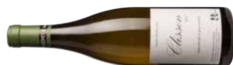
Les Bêtes Curieuses, Muscadet Sèvre-et-Maine Clisson 2013 92 JB 95 CK 91 BL 90

N/A UK www.muscadet-perraud.com Rich, evolved style from long lees ageing, with overt acacia and honeysuckle aromas. Serious, intense and beautifully textured with creamy citrus and orchard fruit wrapped around a firm mineral vein. Drink 2017-2026 Alc 13%
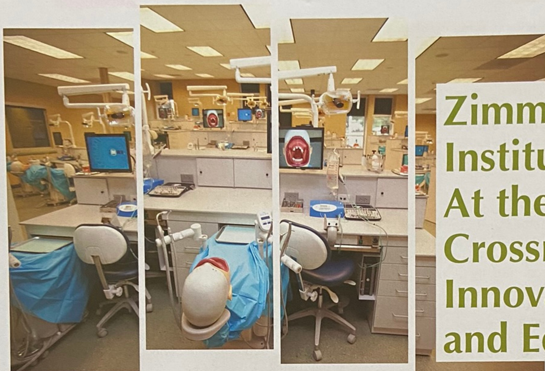
Interior of the state-of-the-art Simulated Patient Lab at Zimmer Institute in Carlsbad, CA.
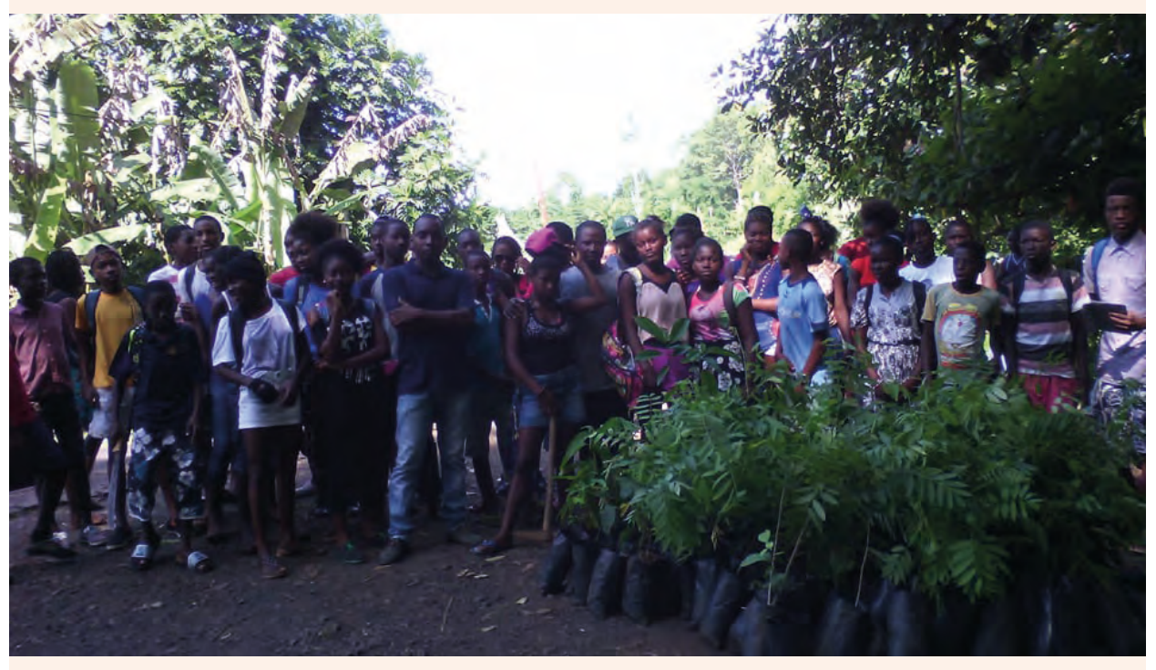
Activités de protection environnementale

Les photos témoignent de l'activité de protection environnementale, avec la plantation d'arbres, organisée par l'École de Desejada. Cette activité, visant à l'ODD 13, a consisté en la plantation d'arbres dans les zones déboisé du district de Lobata, île de São Tomé, en partenariat avec la Direction des Forets, qui a fourni les pépinières des arbres. L'adhésion des étudiants démontre leur engagement envers les questions environnementales, en particulier dans notre pays, qui est un état assez vulnérable.
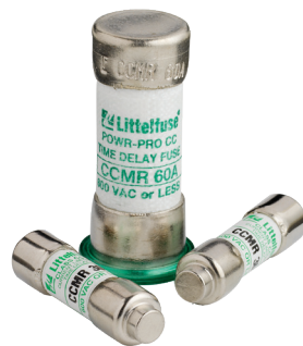
Class CC Fuses
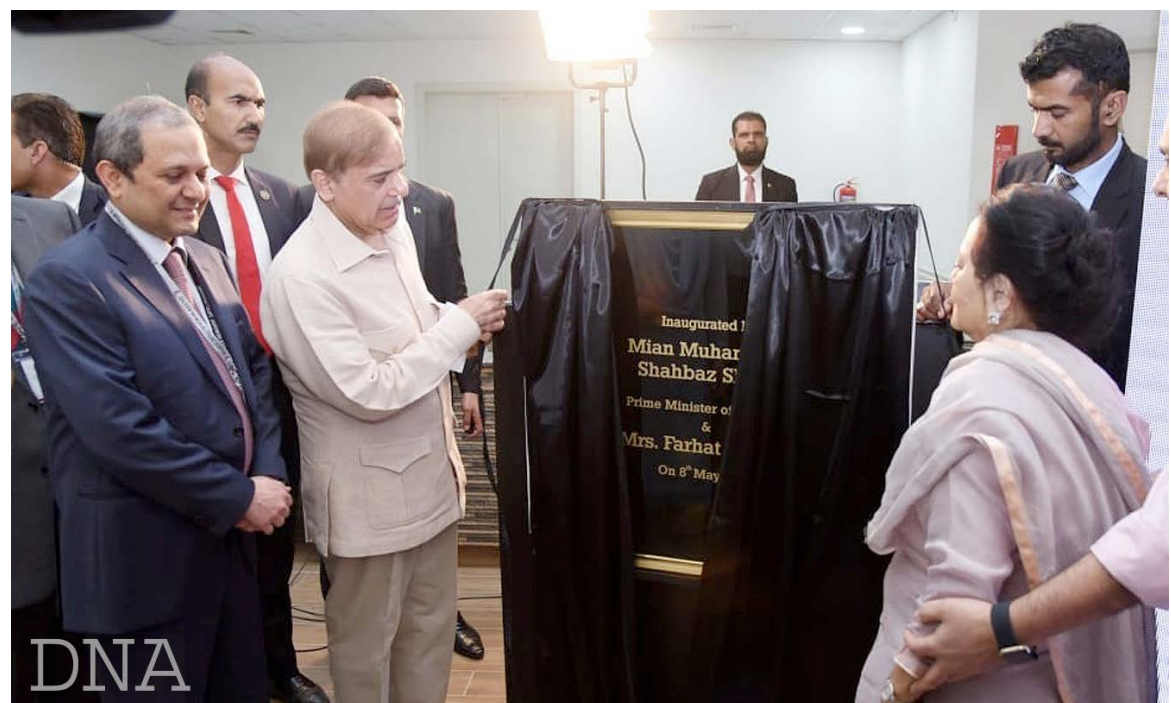
LAHORE: Prime Minister Muhammad Shehbaz Sharif inaugurates the Saleem Memorial Trust Hospital.

Thousands vote for Khalistan referendum in Italy A large number of Sikhs were present outside the polling stations

**EXERCISE**
With pictures omitted, restate word for word every line above from the one containing "Class CC Fuses" to the end of the entries.

**RESPONSE**
Class CC Fuses
LAHORE: Prime Minister Muhammad Shehbaz Sharif inaugurates the Saleem Memorial Trust Hospital.

Thousands vote for Khalistan referendum in Italy A large number of Sikhs were present outside the polling stations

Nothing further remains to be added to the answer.